I must be mixing things up when I think of power in watts in this respect. I guess that explains why none of these tools consider voltage in the calculation.

But the power is expressed in Watts, so nothing wrong with your understanding here. What I feel might be the case with your understanding is the common misconception many beginners fall under and that would be, despite knowing the Ohm's law in general, still thinking about the voltage and the current as somehow "decoupled".

Let's attack this from a different angle: if the resistance of the given length of trace is constant (and we ignore the temperature effects now for the sake of simplicity), both voltage and current are strictly dependent. You change one, the other follows.
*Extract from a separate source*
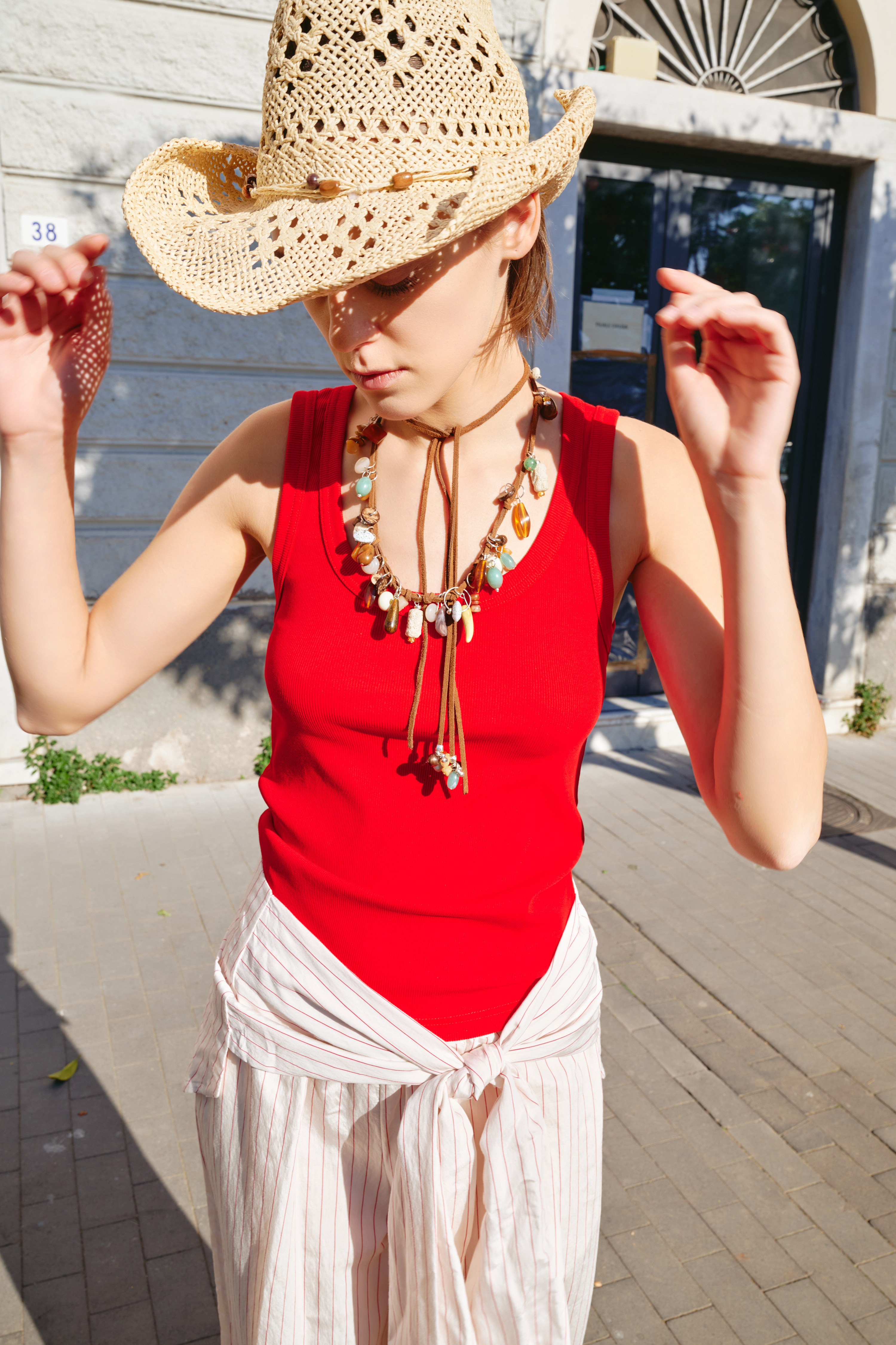 Knitted top with leather straps

So, let's assume you have a trace whose resistance measures 2 Ohms end to end. If you apply a voltage difference of 5V across it, the current of 2.5A will flow. To put it different way, you NEED 5V to "force" 2.5A current through 2 Ohm resistance so there's no point stating both. Continuing, in this case it is a mistake to argue that "5A@5V is more power than 2.5A@5V" or that "2.5A@10V is more power than 2.5A@5V". Your resistor is 2 Ohm so you simply cannot assume any arbitrary voltage and any arbitrary current. If you measure 5A of current, that means there's 10V across your trace's ends. If you measure 3V across your trace, that means there's 1.5A flowing through it. There is no magical box that lets you dial both of them independently through a given constant resistance.

I think at least some of this misunderstanding results from the way DC power adapter manufacturers specify their parameters. Far to many times have I heard that "you cannot use this power supply with this device: it provides 5V, 2A and the device needs 5V, 1A so it will burn out". Once more, not the case. How you should read the DC power bricks' specs is: both of them are constant 5V voltage sources so both of them will be good for my device that needs 5V at 500 mA. Where they differ is, the beefier one should be able to safely provide a current of up to 2A once loaded with an equivalent resistance low enough for the 2 amps of current to be able to flow at 5 volts and that would be 2.5 Ohms.